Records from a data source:

┄┄┄┄┄┄

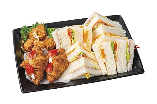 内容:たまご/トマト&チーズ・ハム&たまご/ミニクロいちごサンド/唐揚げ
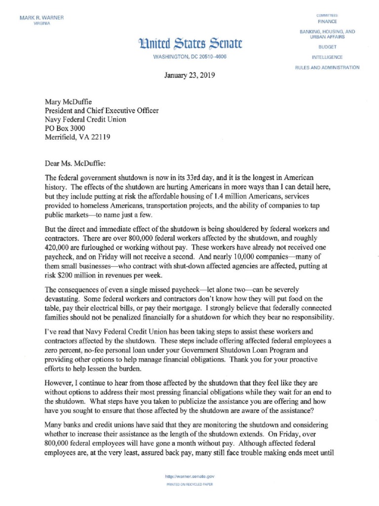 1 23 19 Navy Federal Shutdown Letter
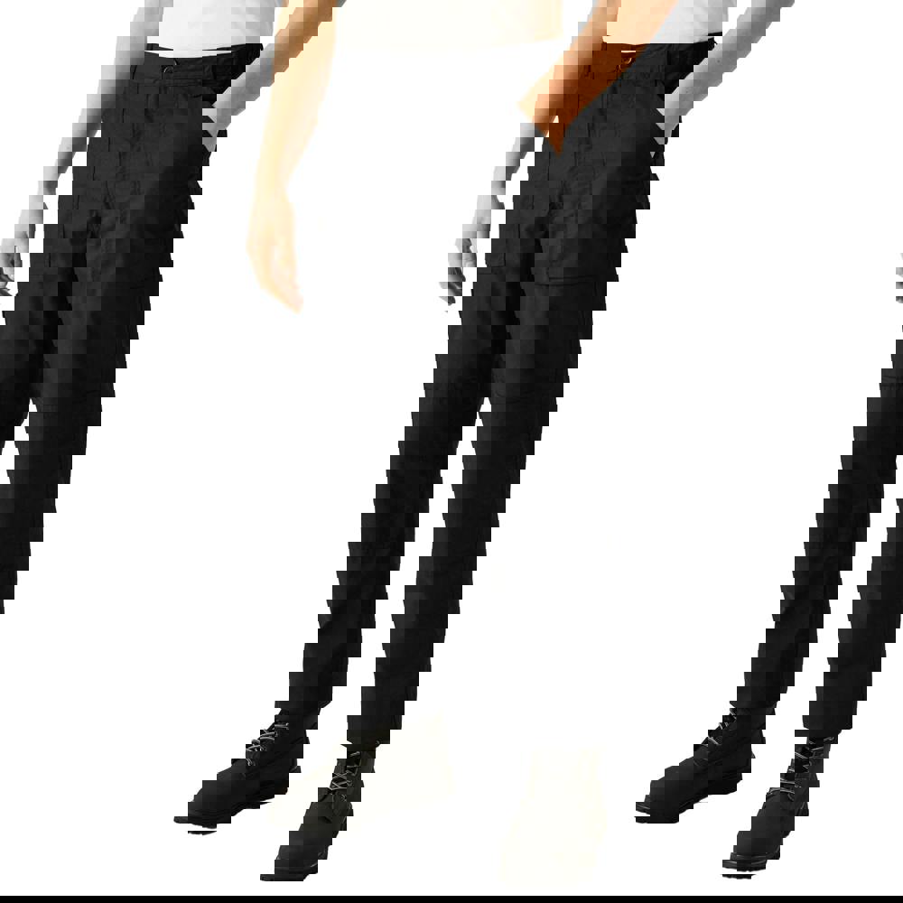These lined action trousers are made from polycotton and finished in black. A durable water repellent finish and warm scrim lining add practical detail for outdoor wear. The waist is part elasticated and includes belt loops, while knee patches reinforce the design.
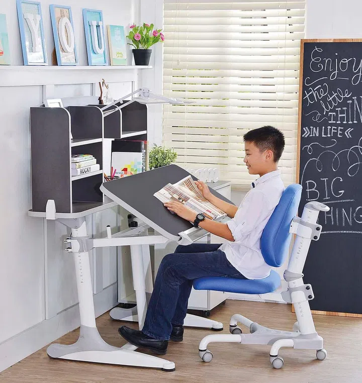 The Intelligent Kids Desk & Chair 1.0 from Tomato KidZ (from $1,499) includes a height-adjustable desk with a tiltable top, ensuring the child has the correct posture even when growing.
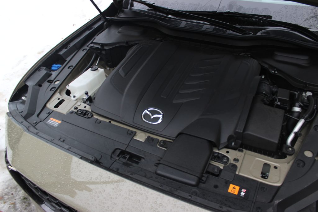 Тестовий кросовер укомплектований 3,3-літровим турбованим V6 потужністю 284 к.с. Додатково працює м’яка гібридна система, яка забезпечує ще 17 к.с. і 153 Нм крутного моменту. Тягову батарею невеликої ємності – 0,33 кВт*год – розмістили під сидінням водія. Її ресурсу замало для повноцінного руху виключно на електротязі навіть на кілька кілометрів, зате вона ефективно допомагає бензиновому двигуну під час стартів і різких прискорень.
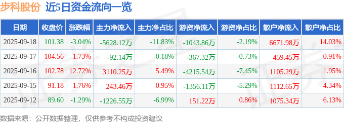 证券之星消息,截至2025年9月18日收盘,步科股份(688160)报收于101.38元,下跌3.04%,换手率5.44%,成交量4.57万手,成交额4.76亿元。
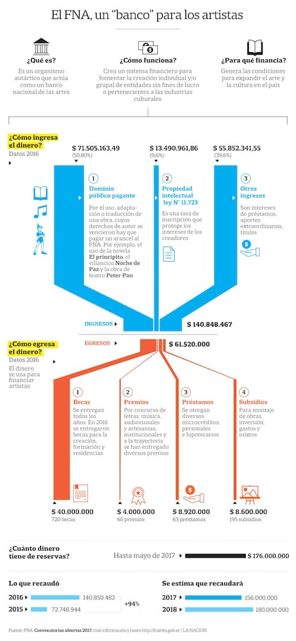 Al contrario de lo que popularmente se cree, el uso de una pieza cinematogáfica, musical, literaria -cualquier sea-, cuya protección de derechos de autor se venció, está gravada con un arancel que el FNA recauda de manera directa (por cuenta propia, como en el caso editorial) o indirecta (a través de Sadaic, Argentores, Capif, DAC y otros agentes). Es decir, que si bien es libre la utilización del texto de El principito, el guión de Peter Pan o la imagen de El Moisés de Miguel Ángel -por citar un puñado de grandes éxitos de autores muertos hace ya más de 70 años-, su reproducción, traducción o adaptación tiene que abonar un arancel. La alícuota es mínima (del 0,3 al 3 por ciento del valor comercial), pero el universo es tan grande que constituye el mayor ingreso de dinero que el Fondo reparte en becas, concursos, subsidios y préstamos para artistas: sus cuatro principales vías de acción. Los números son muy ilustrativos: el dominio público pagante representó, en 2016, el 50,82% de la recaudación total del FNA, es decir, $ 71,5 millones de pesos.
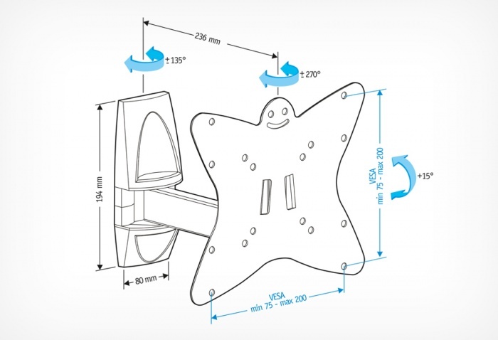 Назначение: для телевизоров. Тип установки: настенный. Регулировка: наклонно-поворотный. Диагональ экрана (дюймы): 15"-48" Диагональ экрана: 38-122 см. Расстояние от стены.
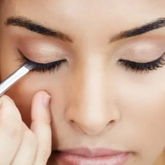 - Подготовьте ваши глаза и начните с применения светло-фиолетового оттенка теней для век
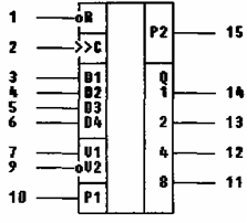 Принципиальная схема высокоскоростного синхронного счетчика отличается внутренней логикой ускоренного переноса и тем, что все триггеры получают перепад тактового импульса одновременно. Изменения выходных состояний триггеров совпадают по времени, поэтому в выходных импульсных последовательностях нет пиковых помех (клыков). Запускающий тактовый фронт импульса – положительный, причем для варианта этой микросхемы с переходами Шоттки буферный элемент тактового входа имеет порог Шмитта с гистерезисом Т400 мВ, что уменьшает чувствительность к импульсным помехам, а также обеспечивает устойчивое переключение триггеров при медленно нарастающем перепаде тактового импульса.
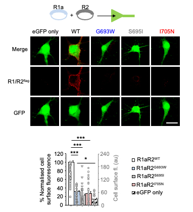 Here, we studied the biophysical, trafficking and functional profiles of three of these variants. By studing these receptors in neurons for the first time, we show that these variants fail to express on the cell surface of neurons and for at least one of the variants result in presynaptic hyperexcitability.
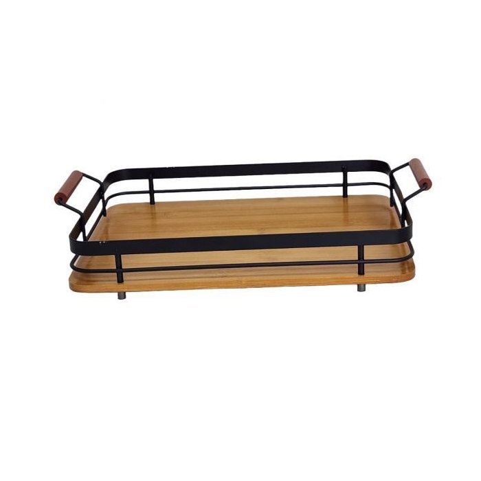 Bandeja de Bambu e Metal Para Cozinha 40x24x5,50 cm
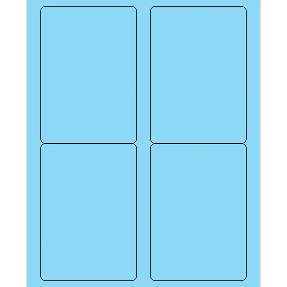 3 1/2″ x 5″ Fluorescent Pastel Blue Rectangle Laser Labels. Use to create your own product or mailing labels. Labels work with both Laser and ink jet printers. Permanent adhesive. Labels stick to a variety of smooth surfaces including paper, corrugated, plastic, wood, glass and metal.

┄┄┄┄┄┄

## Directions
A word-for-word copy of every entry, with the pictures left out, is the required answer.

## Output for this task
 内容:たまご/トマト&チーズ・ハム&たまご/ミニクロいちごサンド/唐揚げ
 1 23 19 Navy Federal Shutdown Letter
These lined action trousers are made from polycotton and finished in black. A durable water repellent finish and warm scrim lining add practical detail for outdoor wear. The waist is part elasticated and includes belt loops, while knee patches reinforce the design.
 The Intelligent Kids Desk & Chair 1.0 from Tomato KidZ (from $1,499) includes a height-adjustable desk with a tiltable top, ensuring the child has the correct posture even when growing.
 Тестовий кросовер укомплектований 3,3-літровим турбованим V6 потужністю 284 к.с. Додатково працює м’яка гібридна система, яка забезпечує ще 17 к.с. і 153 Нм крутного моменту. Тягову батарею невеликої ємності – 0,33 кВт*год – розмістили під сидінням водія. Її ресурсу замало для повноцінного руху виключно на електротязі навіть на кілька кілометрів, зате вона ефективно допомагає бензиновому двигуну під час стартів і різких прискорень.
 证券之星消息,截至2025年9月18日收盘,步科股份(688160)报收于101.38元,下跌3.04%,换手率5.44%,成交量4.57万手,成交额4.76亿元。
 Al contrario de lo que popularmente se cree, el uso de una pieza cinematogáfica, musical, literaria -cualquier sea-, cuya protección de derechos de autor se venció, está gravada con un arancel que el FNA recauda de manera directa (por cuenta propia, como en el caso editorial) o indirecta (a través de Sadaic, Argentores, Capif, DAC y otros agentes). Es decir, que si bien es libre la utilización del texto de El principito, el guión de Peter Pan o la imagen de El Moisés de Miguel Ángel -por citar un puñado de grandes éxitos de autores muertos hace ya más de 70 años-, su reproducción, traducción o adaptación tiene que abonar un arancel. La alícuota es mínima (del 0,3 al 3 por ciento del valor comercial), pero el universo es tan grande que constituye el mayor ingreso de dinero que el Fondo reparte en becas, concursos, subsidios y préstamos para artistas: sus cuatro principales vías de acción. Los números son muy ilustrativos: el dominio público pagante representó, en 2016, el 50,82% de la recaudación total del FNA, es decir, $ 71,5 millones de pesos.
 Назначение: для телевизоров. Тип установки: настенный. Регулировка: наклонно-поворотный. Диагональ экрана (дюймы): 15"-48" Диагональ экрана: 38-122 см. Расстояние от стены.
 - Подготовьте ваши глаза и начните с применения светло-фиолетового оттенка теней для век
 Принципиальная схема высокоскоростного синхронного счетчика отличается внутренней логикой ускоренного переноса и тем, что все триггеры получают перепад тактового импульса одновременно. Изменения выходных состояний триггеров совпадают по времени, поэтому в выходных импульсных последовательностях нет пиковых помех (клыков). Запускающий тактовый фронт импульса – положительный, причем для варианта этой микросхемы с переходами Шоттки буферный элемент тактового входа имеет порог Шмитта с гистерезисом Т400 мВ, что уменьшает чувствительность к импульсным помехам, а также обеспечивает устойчивое переключение триггеров при медленно нарастающем перепаде тактового импульса.
 Here, we studied the biophysical, trafficking and functional profiles of three of these variants. By studing these receptors in neurons for the first time, we show that these variants fail to express on the cell surface of neurons and for at least one of the variants result in presynaptic hyperexcitability.
 Bandeja de Bambu e Metal Para Cozinha 40x24x5,50 cm
 3 1/2″ x 5″ Fluorescent Pastel Blue Rectangle Laser Labels. Use to create your own product or mailing labels. Labels work with both Laser and ink jet printers. Permanent adhesive. Labels stick to a variety of smooth surfaces including paper, corrugated, plastic, wood, glass and metal.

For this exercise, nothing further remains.